What implications does the European Union model have for Asia? Should Asia follow this path, build a single market and a borderless region? The answer, I believe, is unequivocally yes. Already, Japan and South Korea, despite their political differences and never-ending squabbles over a history of conquest and apology, are quietly talking about waving visa requirements for each other’s citizens. Their steel and automobile industries are closely linked through mutual investment and exchanges of technology. China and India, with a combined population of 2.3 billion, have become a major market for Korean goods. East Asians, at least, are building these increasingly peaceful interactions upon a common heritage of Buddhism and Confucian culture.
But is Asia politically ready for such a big leap?
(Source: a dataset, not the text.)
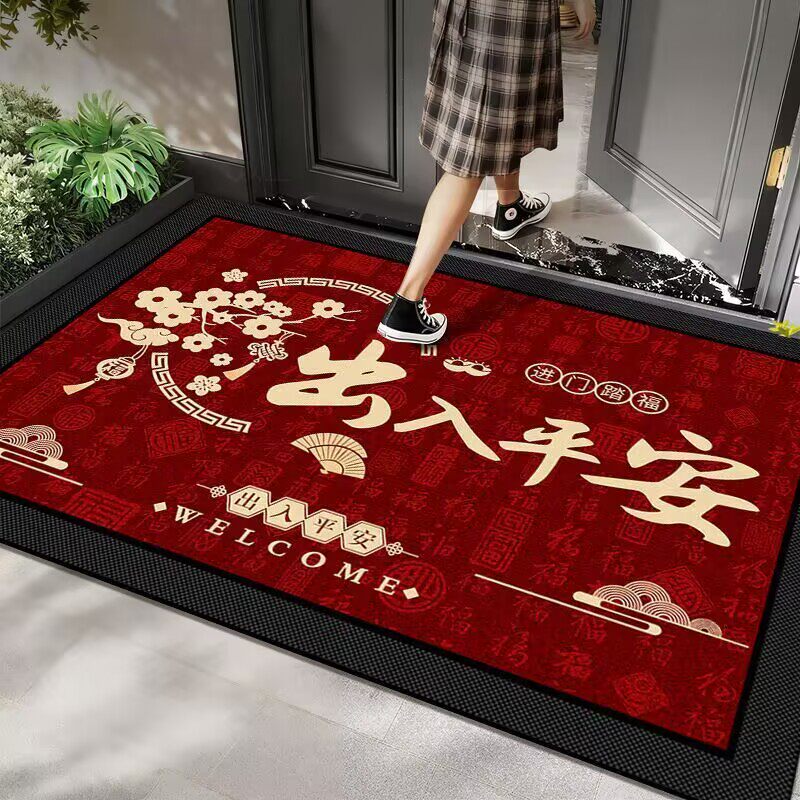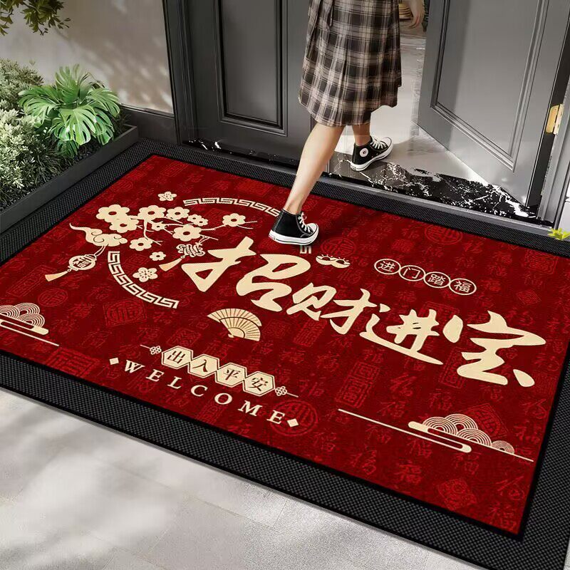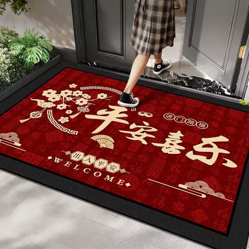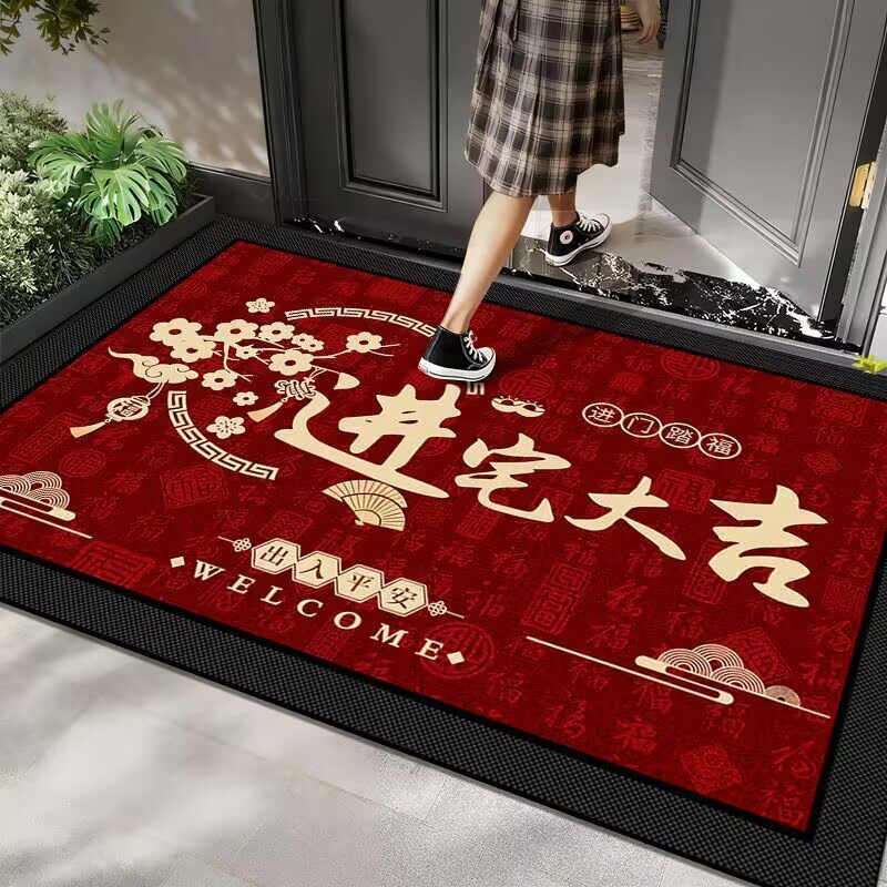 入户门地垫硅藻泥新年耐脏脚垫吸水速干门口地毯喜庆玄关垫可裁剪

Not yet, but it is clearly becoming more aware of the possibility, thanks to the pace of economic empowerment. What Asia needs today are an Asian Jean Monnet and Robert Schuman to launch the debate over future regional integration. Asia has not had a towering visionary leader since the departure of Gandhi.
Two things are vital for this process to begin: the speedy achievement of regional economic integration, spreading the desire for further development and prosperity within a borderless Asia. Development also helps end war and focus efforts on conflict resolution; after all, the parties have more to lose. At the same time, regional powers like Japan and China must take the lead in starting an Asian version of the Helsinki Process by launching an Organization for Security and Cooperation in Asia, to promote dialogue and detente. Promotion of human rights and exchanges of science, technology and culture within the region should be facilitated by this multilateral channel.
Arrival of the age of development in China and India, Asia’s two largest nations, has made it possible to start dreaming about an Asian Union based on economic benefits and common political aspirations. The success of the European Union has shown the way. Asia can, and should, follow its path. It is the way of the future.”